# Records contained in a dataset
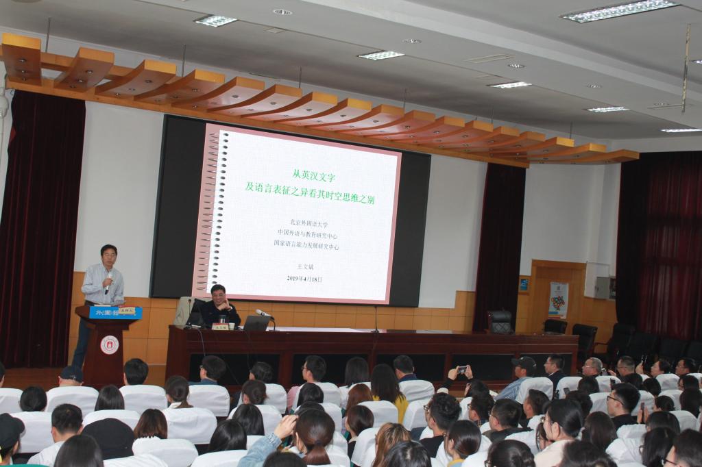 以及宁波兄弟院校200余名师生做了题为“从英汉文字及语言表征之异看其时空思维之别”的讲座。讲座由外国语多米体育网
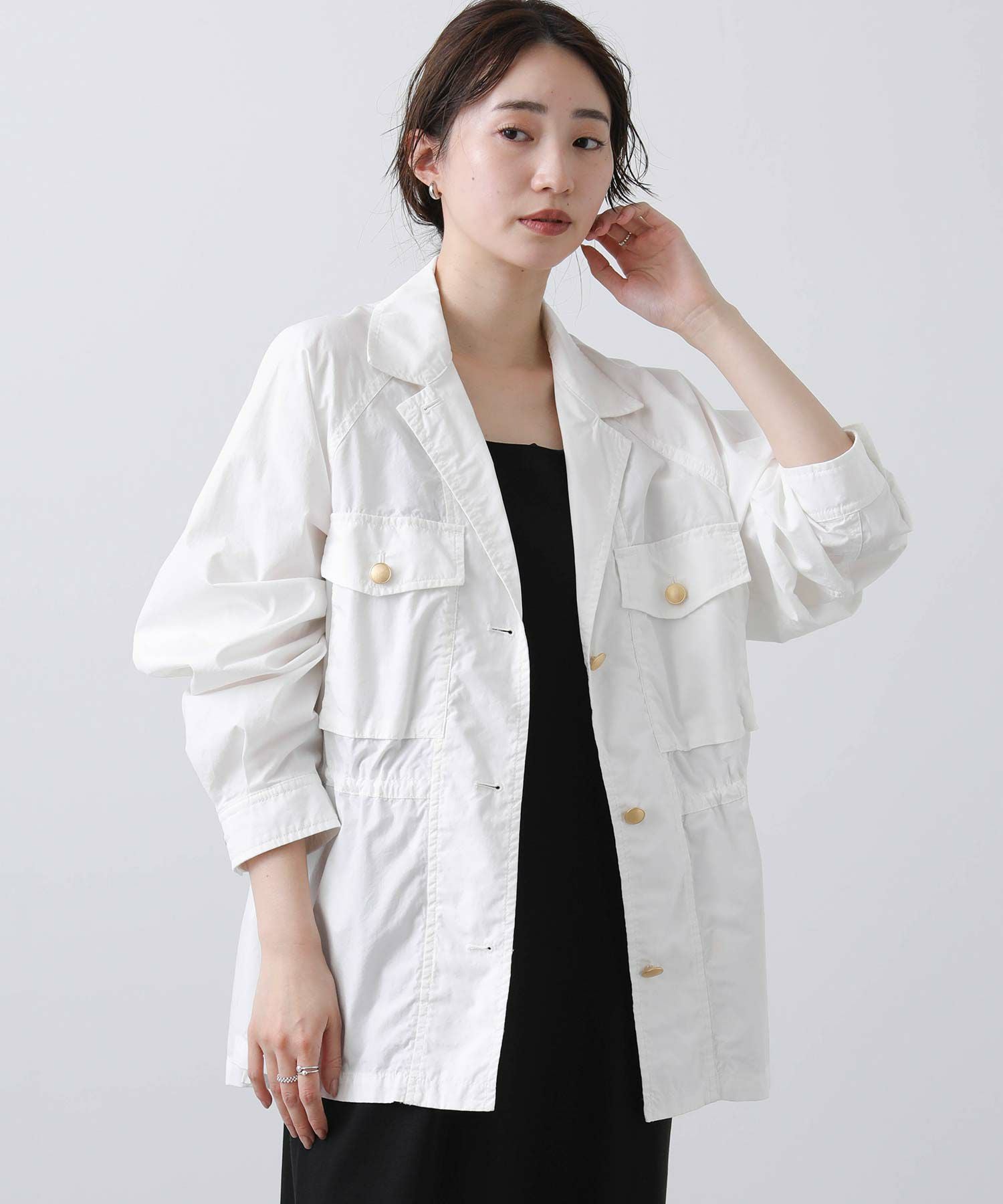 明るめのカーキと爽やかな白の2色展開で、春らしい軽やかなスタイリングが叶います。
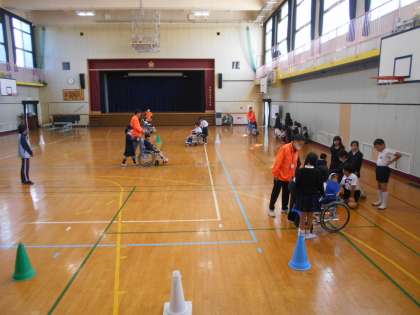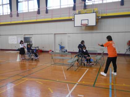 そして、3・4年生がペアになって体育館の中のコースを乗る側、押す側と両方を実際に体験しました。長椅子で作られた細い道は通行が難しいようでした。
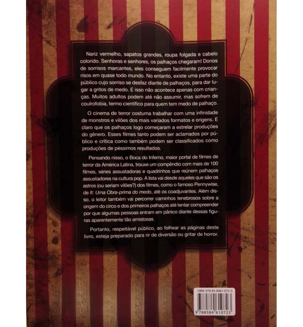 Uma publicação que apresenta um compêndio com mais de 100 filmes e séries assustadoras que reúnem palhaços do cinema de terror. A lista vai desde aqueles que são os astros (ou seriam vilões?) dos filmes, como o famoso Pennywise, de It: Uma obra-prima do medo, até os coadjuvantes. Além disso, o leitor também vai percorrer caminhos tenebrosos sobre a origem do circo e dos primeiros palhaços até tentar compreender por que algumas pessoas entram em pânico diante dessas figuras aparentemente tão amistosas.
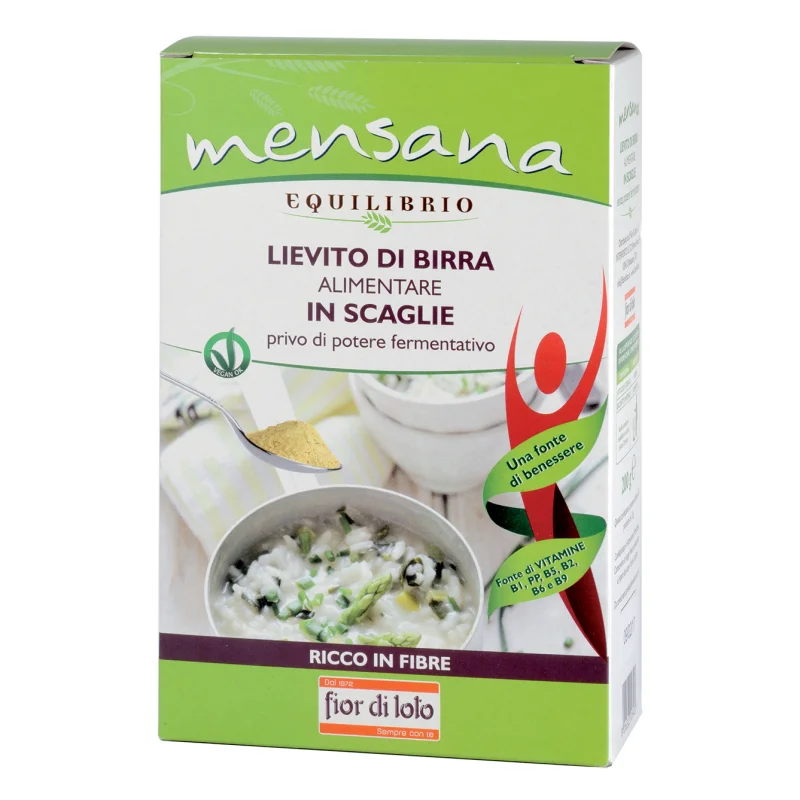 Lievito alimentare biologico in scaglie con farina di malto d'orzo, fonte di vitamine B1, B2, zinco, magnesio e ad alto contenuto di fibre.
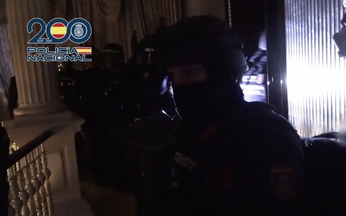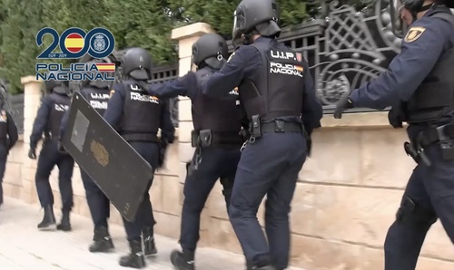 А происходит обыск! Человечки, которых мы видели сверху — это сотрудники национальной полиции испании, вооруженные, с щитами, масками, все как положено — они входят в дом и осматривают каждое помещение.
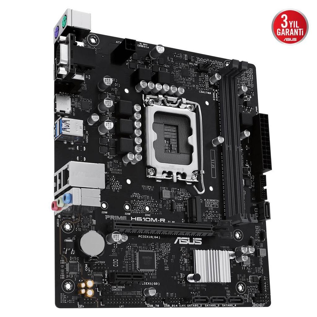 Intel® H610 (LGA 1700) micro-ATX DDR5 anakart, PCIe 4.0, M.2 yuvası, Realtek 1 Gb Ethernet, DisplayPort, HDMI™, VGA, USB 3.2 Gen 1 portları, SATA 6 Gbps , COM başlığı, LPT başlığı, TPM başlığı
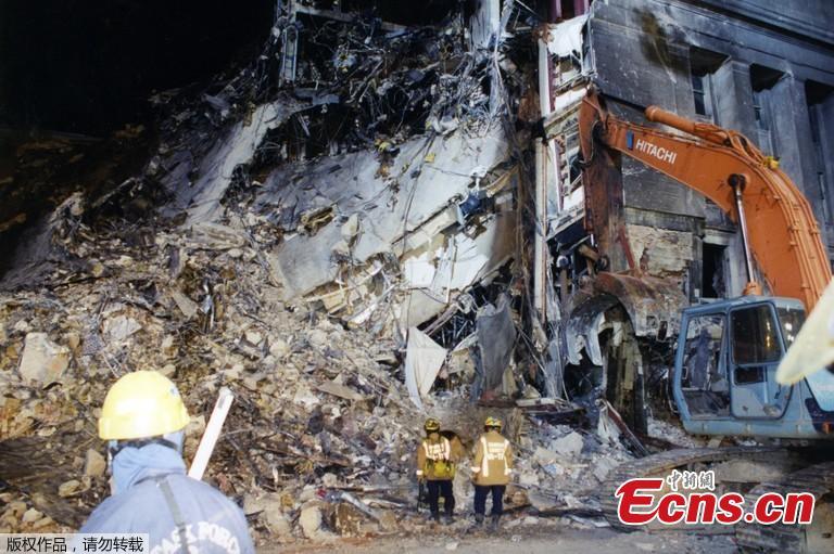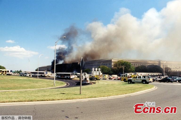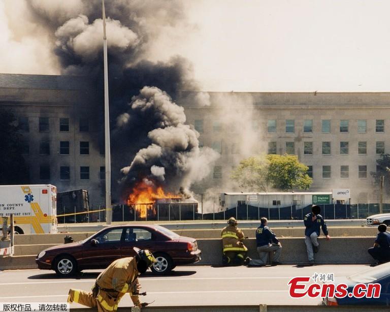 First responders arrive at the Pentagon just minutes after American Airlines Flight 77 crashed in Washington, DC on September 11, 2001. The FBI released 25 previously unseen photos taken in the hours following the attack on the Pentagon on September 11, 2001. The photos include debris from American Airlines Flight 77, first responders arriving at the scene, the holes left in the inner rings of the building, and the massive amounts of carnage left behind.(Photo/Agencies)
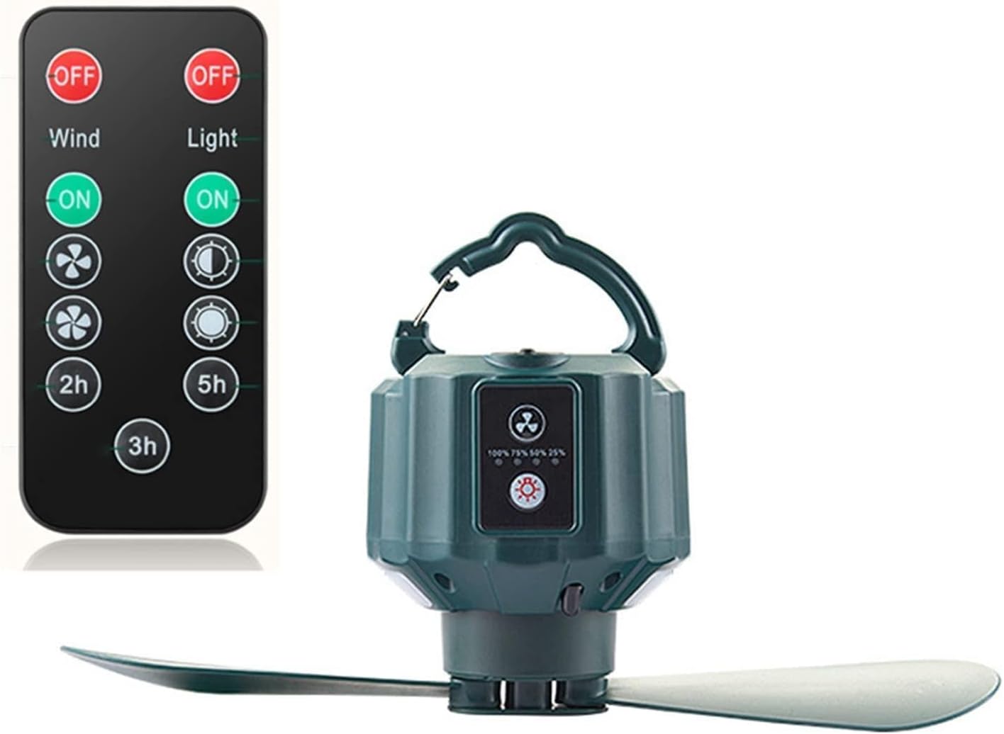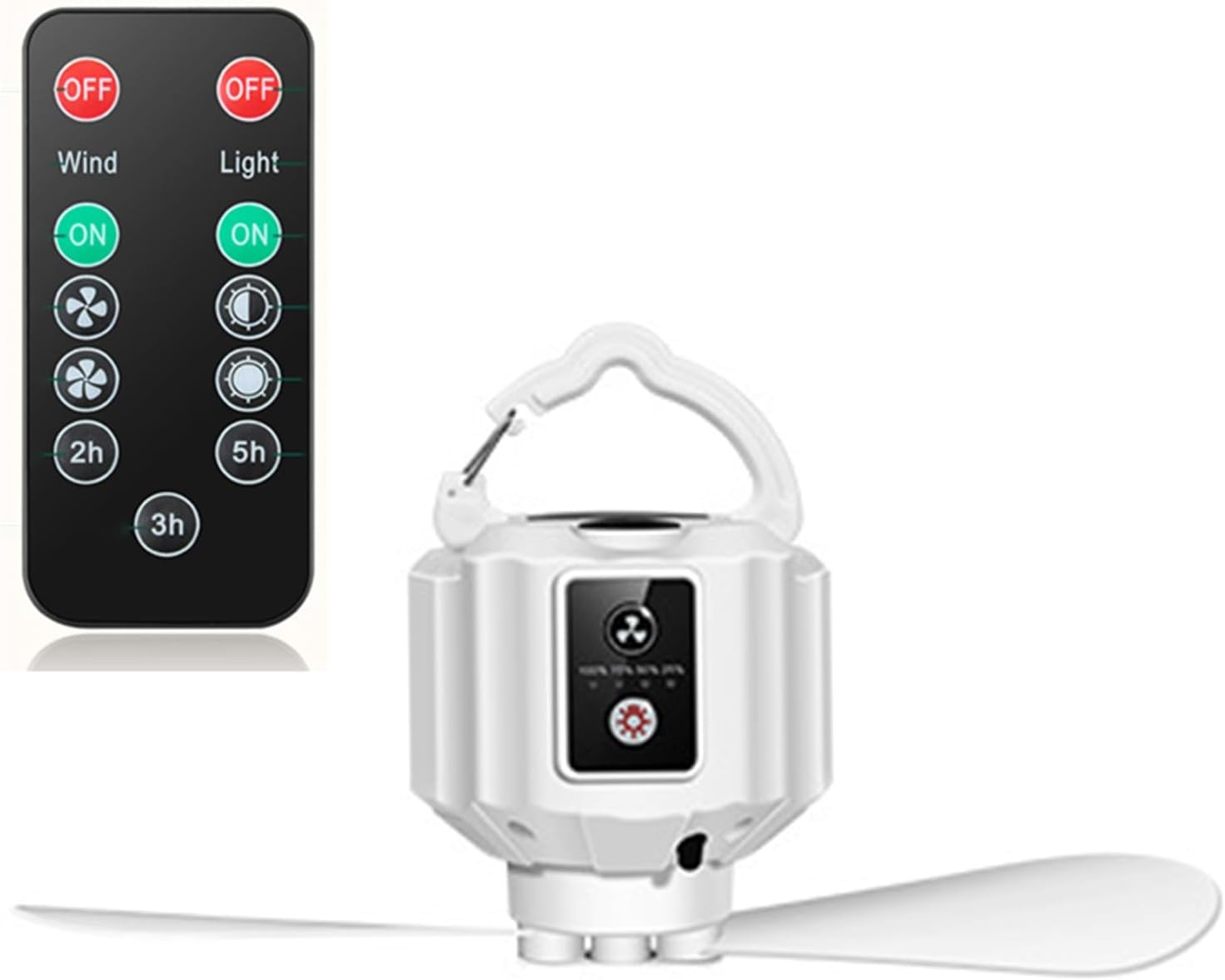 2 in 1 Portable LED Camping with Ceiling Fan Light Rechargeable Hanging Tent Light 5200/10400mah for CampingFeatures:and Our personal fan is equipped with a remote control. You can operate the fan by the remote control, and use it for air volume light The ceiling fan has 3-speed settings to meet your different needs for While bringing strong power, it can be quiet, energy-saving, and stable for a long for time. In addition, this celling fan is designed with a LED light, which can be used in tents or room at night.This travel camping fan runs on a rechargeable built-in 5200mAh/10400mAh battery that can be charged with a Type C cable.Our ceiling fan is compact that has a built-in carry handle, to it on the tents, branches, or inside for cars. Lightweight compact, easy to carry.This fan's beautiful and exquisite appearance and practical functions will be an exclusive surprise gift.Specifications:ABS Type A B Color Green White Battery Capacity:5200mah/10400mah Size:Approx.260x86x168mm/10.23x6.61x3.38 inchesPackage Includes:1 Set Ceiling FanNote:1.Please allow 1-2cm errors due to manual measurement, make sure that you do not mind before you order. 2.Due to the difference between different monitors, the picture may not reflect the actual color of the item.

# Task
Give again, exactly as written above, every line from the one holding "Uma publicação que" to the one holding "First responders arrive", with both ends kept and the pictures left out.

# Completed task
 Uma publicação que apresenta um compêndio com mais de 100 filmes e séries assustadoras que reúnem palhaços do cinema de terror. A lista vai desde aqueles que são os astros (ou seriam vilões?) dos filmes, como o famoso Pennywise, de It: Uma obra-prima do medo, até os coadjuvantes. Além disso, o leitor também vai percorrer caminhos tenebrosos sobre a origem do circo e dos primeiros palhaços até tentar compreender por que algumas pessoas entram em pânico diante dessas figuras aparentemente tão amistosas.
 Lievito alimentare biologico in scaglie con farina di malto d'orzo, fonte di vitamine B1, B2, zinco, magnesio e ad alto contenuto di fibre.
 А происходит обыск! Человечки, которых мы видели сверху — это сотрудники национальной полиции испании, вооруженные, с щитами, масками, все как положено — они входят в дом и осматривают каждое помещение.
 Intel® H610 (LGA 1700) micro-ATX DDR5 anakart, PCIe 4.0, M.2 yuvası, Realtek 1 Gb Ethernet, DisplayPort, HDMI™, VGA, USB 3.2 Gen 1 portları, SATA 6 Gbps , COM başlığı, LPT başlığı, TPM başlığı
 First responders arrive at the Pentagon just minutes after American Airlines Flight 77 crashed in Washington, DC on September 11, 2001. The FBI released 25 previously unseen photos taken in the hours following the attack on the Pentagon on September 11, 2001. The photos include debris from American Airlines Flight 77, first responders arriving at the scene, the holes left in the inner rings of the building, and the massive amounts of carnage left behind.(Photo/Agencies)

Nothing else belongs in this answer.